Tout commença en 2008 lorsque vint l’heure, pour la Wallonie, de choisir officiellement la ville que l’on écrirait en grand en haut de l’affiche « Capitale culturelle européenne 2015 ». Nombre d’opérateurs culturels et artistes liégeois ont voulu saisir cette opportunité pour poser la candidature de la Cité Ardente. Et si le festival d’émulations qui s’ensuivit ne suffit pas pour rattraper Mons qui avait pris le grand large poussé par un vent favorable, il eut le don d’allumer un feu autour duquel vinrent s’asseoir les acteurs du monde culturel liégeois.
« Ces acteurs se sont rendus compte qu’ils partageaient les mêmes ambitions mais aussi les mêmes préoccupations,résume Julie Hanique, historienne de l’art et coordinatrice du Comptoir des Ressources Créatives.
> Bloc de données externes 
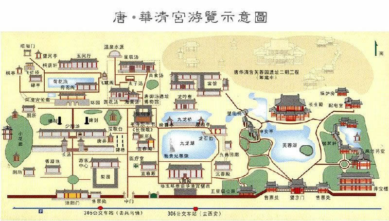 從文獻記載和野外的實際考察中,大抵可知華清宮的范圍是:南至驪山西繡嶺第一峰(即周烽火臺),北到今縣城北什字。東至石甕谷(寺溝)。西到鐵路療養(yǎng)院西側(cè)的牡丹溝。宮城(即羅城),南至山根,北到今縣城南什字,東至東窯村,西到游泳池。1967年新華書店在南什字西北角修建營業(yè)樓,發(fā)現(xiàn)了用青石砌成的宮城北墻的墻基。1981年春,城建單位在西街丁字形路北,也發(fā)現(xiàn)了同樣的北墻基。1982年冬于寺溝村南的山坡上探出東繚墻兩段。從調(diào)查和發(fā)掘所見遺跡及文獻資料所記,華清宮的建筑布局嚴謹,曲折縈回,規(guī)模宏大。唐玄宗以民脂民膏,建此豪華宮苑,供一己之歡娛,然曾幾何時,“漁陽鼙鼓”驚破了他的美夢。華清宮樓殿湯池,遂漸次破壞,自宋以至明清,其原有建筑已蕩然無存。記其遺跡,乃以彰我民族之文化,并以此為借鑒,建立一個新時代的風景旅游區(qū),供廣大人民群眾游覽。唐代華清宮充分利用了有利地形,使其成為一座結(jié)構(gòu)嚴謹、富麗堂皇的龐大宮殿建筑群。主要殿舍以溫泉為中心,構(gòu)成華清宮的核心。然后向山上和山下展開,利用地形特點,布設(shè)不同類型和用途的樓閣亭榭,同時還有青松翠柏、荔枝園、芙蓉園、梨園、椒園、東花園等分布其間,把整個華清宮妝扮得格外妖嬈。華清宮的建筑依山面水,鱗次櫛比,除宮城(羅城)外,還有繚墻環(huán)繞?潐χ,又羅列不少建筑,清乾隆《臨潼縣志》稱:“湯井殊名,殿閣異制,園林洞壑之美,殆非人境”。

L’idée de se fédérer afin de pouvoir répondre aux besoins de leur secteur a maturé jusqu’à la création de l’asbl. Ils ont ainsi appliqué l’adage « On n’est jamais aussi bien servis que par soi-même ». Et ils ont eu raison puisque le projet n’a cessé de se développer depuis 2012. »
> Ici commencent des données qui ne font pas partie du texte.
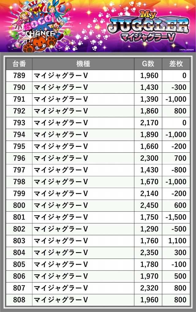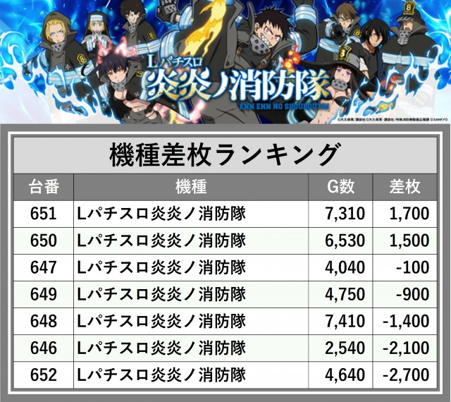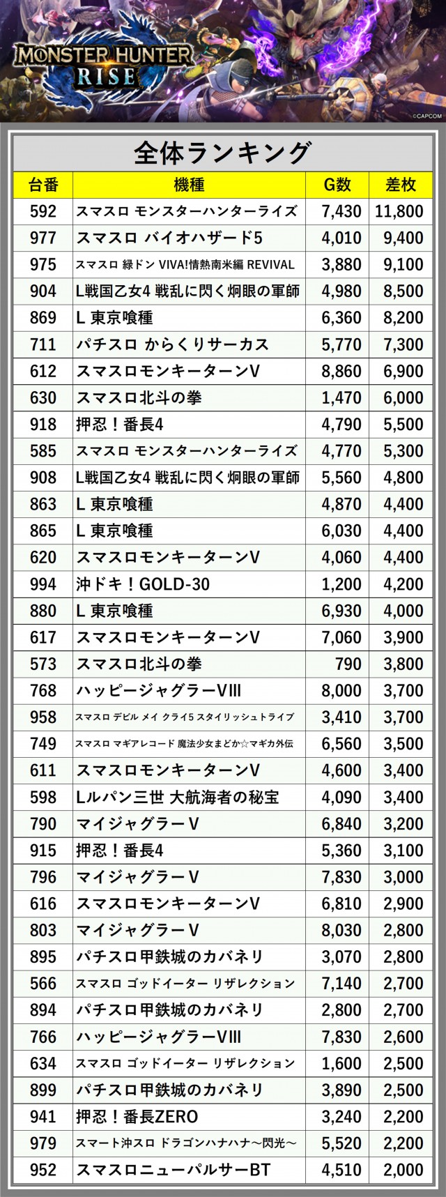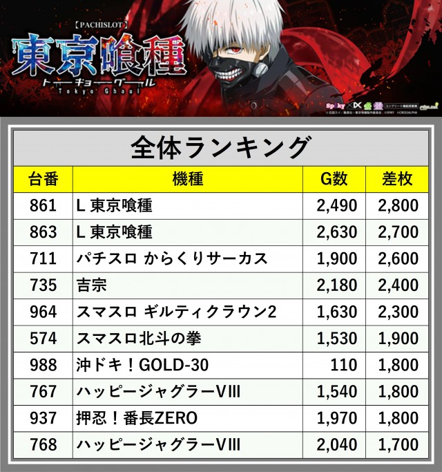 ※差枚数順に掲載しています

Si le bateau navigue aujourd’hui toutes voiles dehors, c’est en premier lieu parce que ceux et celles qui en ont pris la barre ont décidé d’accueillir tout le monde à bord. « Dès le départ, ce projet, lancé par les créateurs pour les créateurs, s’est voulu pluridisciplinaire. Pas question de figer une liste. De l’art plastique à l’art numérique, du stylisme à la menuiserie, de la photographie aux arts de la scène, toute personne qui vit de ses créations ou qui aspire à en vivre a pu rejoindre le réseau. Qu’elle soit employée, indépendante ou intermittente, qu’elle bénéficie de l’aide du CPAS ou qu’elle ait d’autres sources de revenus », explique Julie qui insiste sur un point : Le comptoir reste très attentif au respect de la singularité de chacun. Il ne juge pas le propos artistique des créateurs qu’il aide ».
Priorité n°1 : les espaces de création
Si les besoins ne sont pas forcément les mêmes dans chaque ville, il en est cependant un qui s’est tout de suite imposé partout parce que vital : la nécessité de disposer d’un espace nécessaire à la production. « Sortir de son espace domestique pour se rendre dans un lieu de travail, cela permet de s’extirper de son isolement et d’accorder plus de place à sa vie professionnelle. En outre, cela permet aux créateurs de se rencontrer, d’échanger des idées, de partager du matériel et, donc, de s’inscrire dans une même dynamique. Il nous est donc apparu tout de suite évident que nos services devaient intégrer un volet immobilier ».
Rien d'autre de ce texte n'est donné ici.